Your goal »
Print the records below exactly, from the line containing "You were just" down to the line containing "Blurry of flower", both lines included, and omit every picture.

Entries shown »
- - -

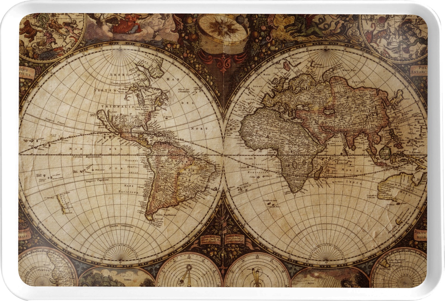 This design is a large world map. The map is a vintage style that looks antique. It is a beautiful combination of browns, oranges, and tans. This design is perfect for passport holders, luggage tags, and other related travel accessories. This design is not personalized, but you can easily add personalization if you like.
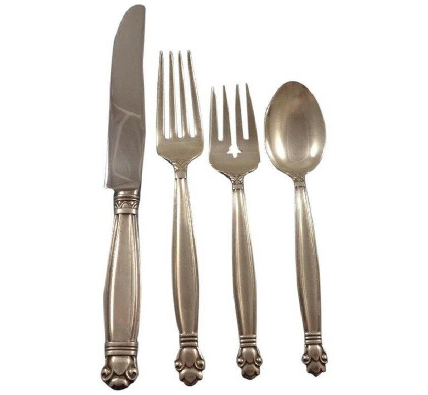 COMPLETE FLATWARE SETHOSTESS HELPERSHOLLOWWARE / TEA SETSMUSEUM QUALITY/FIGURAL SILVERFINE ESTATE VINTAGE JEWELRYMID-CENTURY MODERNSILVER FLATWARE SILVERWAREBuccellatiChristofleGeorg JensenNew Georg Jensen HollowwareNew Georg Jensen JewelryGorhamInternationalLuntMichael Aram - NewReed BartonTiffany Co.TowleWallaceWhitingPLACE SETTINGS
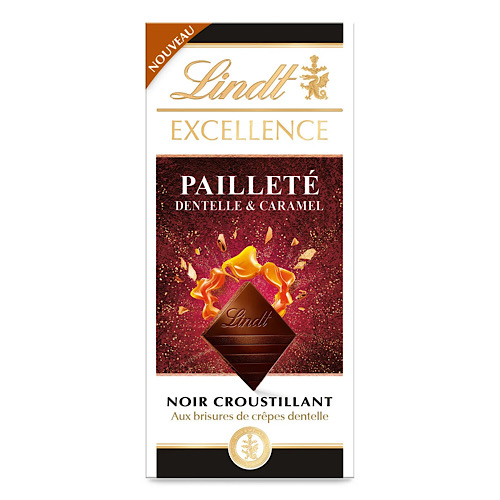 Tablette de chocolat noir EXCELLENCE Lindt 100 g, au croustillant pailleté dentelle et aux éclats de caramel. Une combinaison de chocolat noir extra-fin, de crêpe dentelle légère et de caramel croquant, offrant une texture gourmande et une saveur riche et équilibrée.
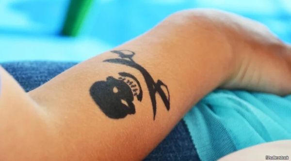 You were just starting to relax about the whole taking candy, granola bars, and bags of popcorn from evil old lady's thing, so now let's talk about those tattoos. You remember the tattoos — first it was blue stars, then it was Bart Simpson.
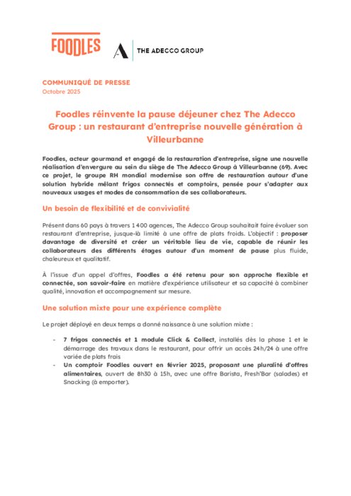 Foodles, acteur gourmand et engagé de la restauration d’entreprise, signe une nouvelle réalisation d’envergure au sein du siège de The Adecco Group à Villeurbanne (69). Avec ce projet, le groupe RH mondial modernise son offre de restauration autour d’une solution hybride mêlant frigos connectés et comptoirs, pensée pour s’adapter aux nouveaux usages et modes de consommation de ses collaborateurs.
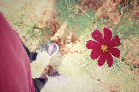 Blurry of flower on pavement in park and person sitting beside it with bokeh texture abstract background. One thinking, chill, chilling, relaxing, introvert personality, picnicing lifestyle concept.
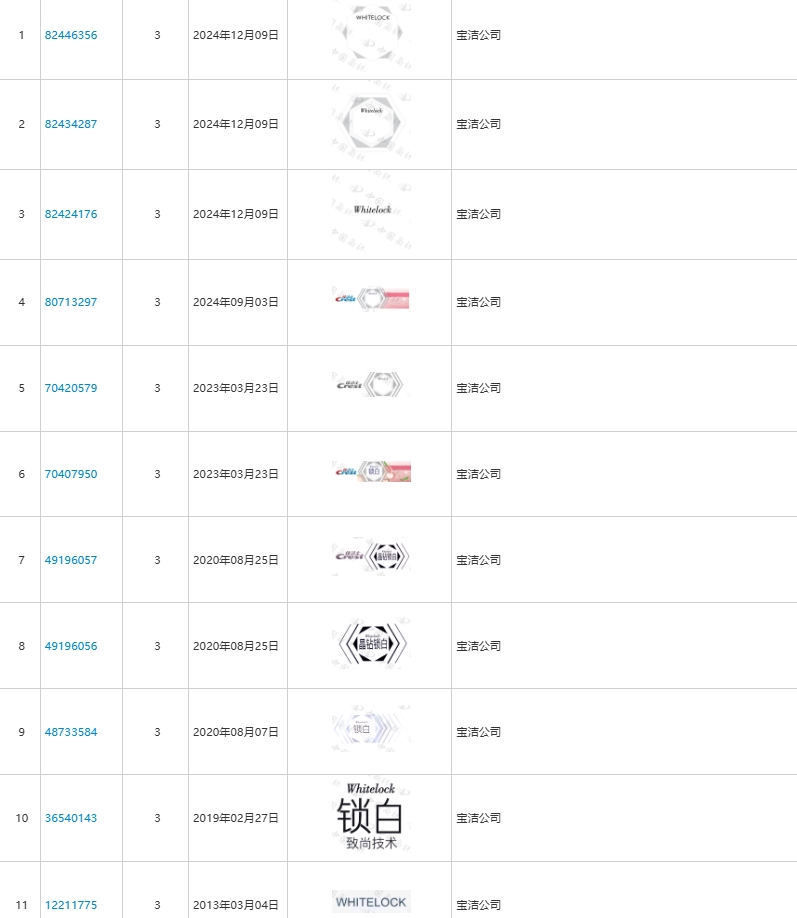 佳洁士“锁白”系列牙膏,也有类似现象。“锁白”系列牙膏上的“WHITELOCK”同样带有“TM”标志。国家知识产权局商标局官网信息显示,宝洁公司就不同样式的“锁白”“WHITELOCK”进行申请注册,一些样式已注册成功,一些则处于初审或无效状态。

- - -

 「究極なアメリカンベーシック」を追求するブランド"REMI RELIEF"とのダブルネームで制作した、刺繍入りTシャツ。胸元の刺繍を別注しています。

- - -

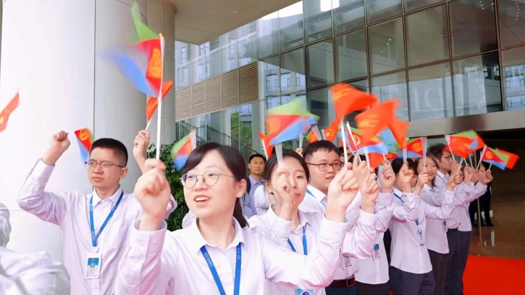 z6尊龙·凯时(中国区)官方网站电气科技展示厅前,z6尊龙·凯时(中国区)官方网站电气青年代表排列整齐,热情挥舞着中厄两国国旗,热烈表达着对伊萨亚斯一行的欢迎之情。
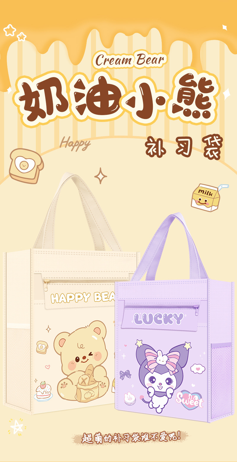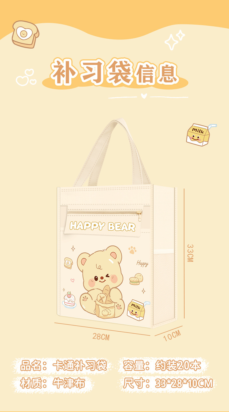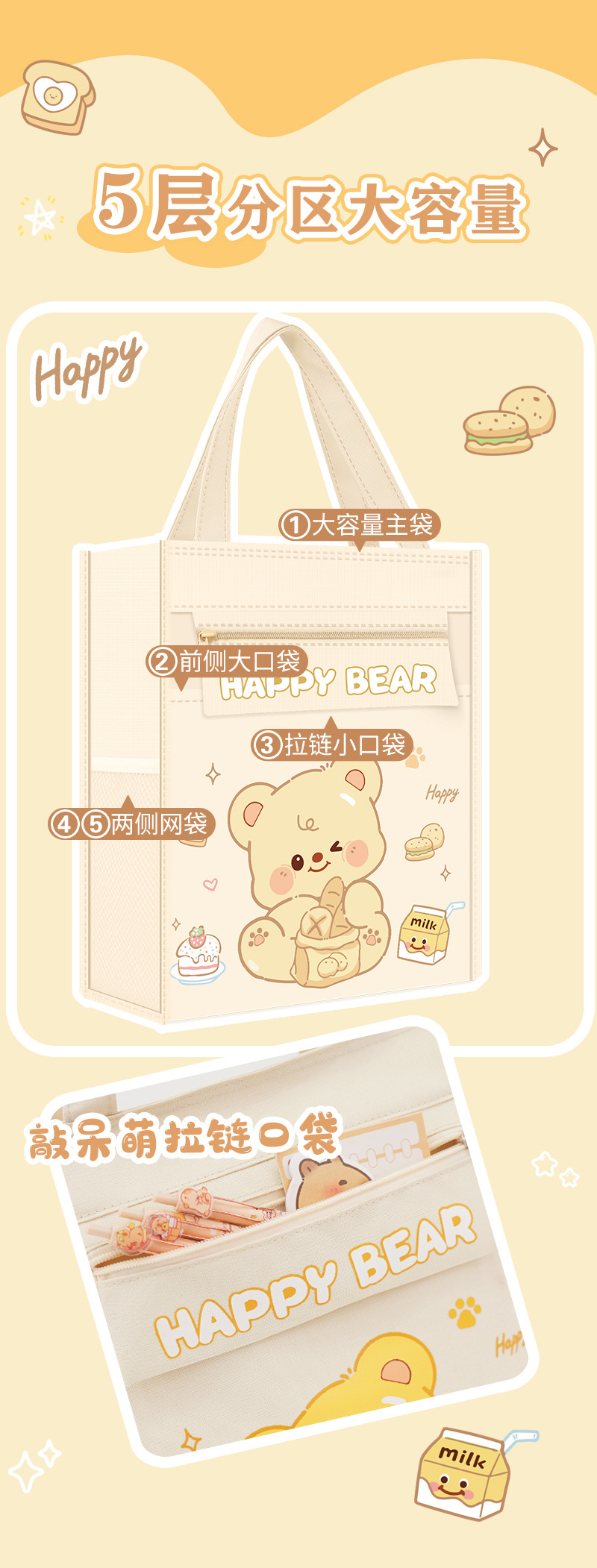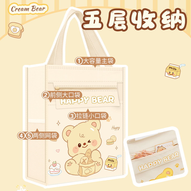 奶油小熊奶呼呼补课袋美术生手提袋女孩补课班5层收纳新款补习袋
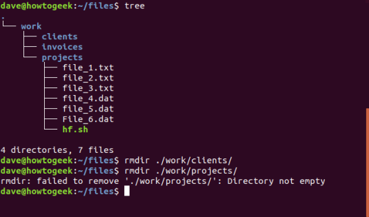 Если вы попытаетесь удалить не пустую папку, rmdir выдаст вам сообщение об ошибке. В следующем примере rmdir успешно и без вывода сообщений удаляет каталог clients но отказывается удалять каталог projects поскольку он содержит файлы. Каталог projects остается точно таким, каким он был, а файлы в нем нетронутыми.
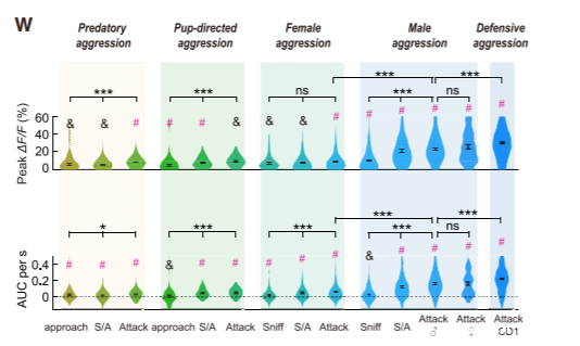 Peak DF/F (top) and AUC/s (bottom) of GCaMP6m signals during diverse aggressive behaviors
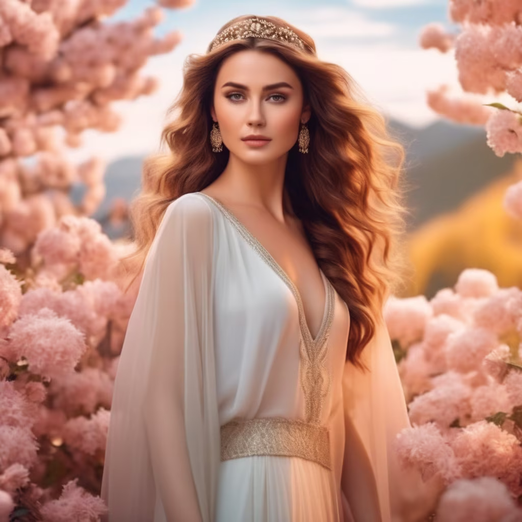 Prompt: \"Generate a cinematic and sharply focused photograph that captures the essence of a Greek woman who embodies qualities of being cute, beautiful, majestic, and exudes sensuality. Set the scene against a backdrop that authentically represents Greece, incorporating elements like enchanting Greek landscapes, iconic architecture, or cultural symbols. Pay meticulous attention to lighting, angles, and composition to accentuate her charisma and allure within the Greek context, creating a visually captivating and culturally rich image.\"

- - -

Answer for this exercise »
 You were just starting to relax about the whole taking candy, granola bars, and bags of popcorn from evil old lady's thing, so now let's talk about those tattoos. You remember the tattoos — first it was blue stars, then it was Bart Simpson.
 Foodles, acteur gourmand et engagé de la restauration d’entreprise, signe une nouvelle réalisation d’envergure au sein du siège de The Adecco Group à Villeurbanne (69). Avec ce projet, le groupe RH mondial modernise son offre de restauration autour d’une solution hybride mêlant frigos connectés et comptoirs, pensée pour s’adapter aux nouveaux usages et modes de consommation de ses collaborateurs.
 Blurry of flower on pavement in park and person sitting beside it with bokeh texture abstract background. One thinking, chill, chilling, relaxing, introvert personality, picnicing lifestyle concept.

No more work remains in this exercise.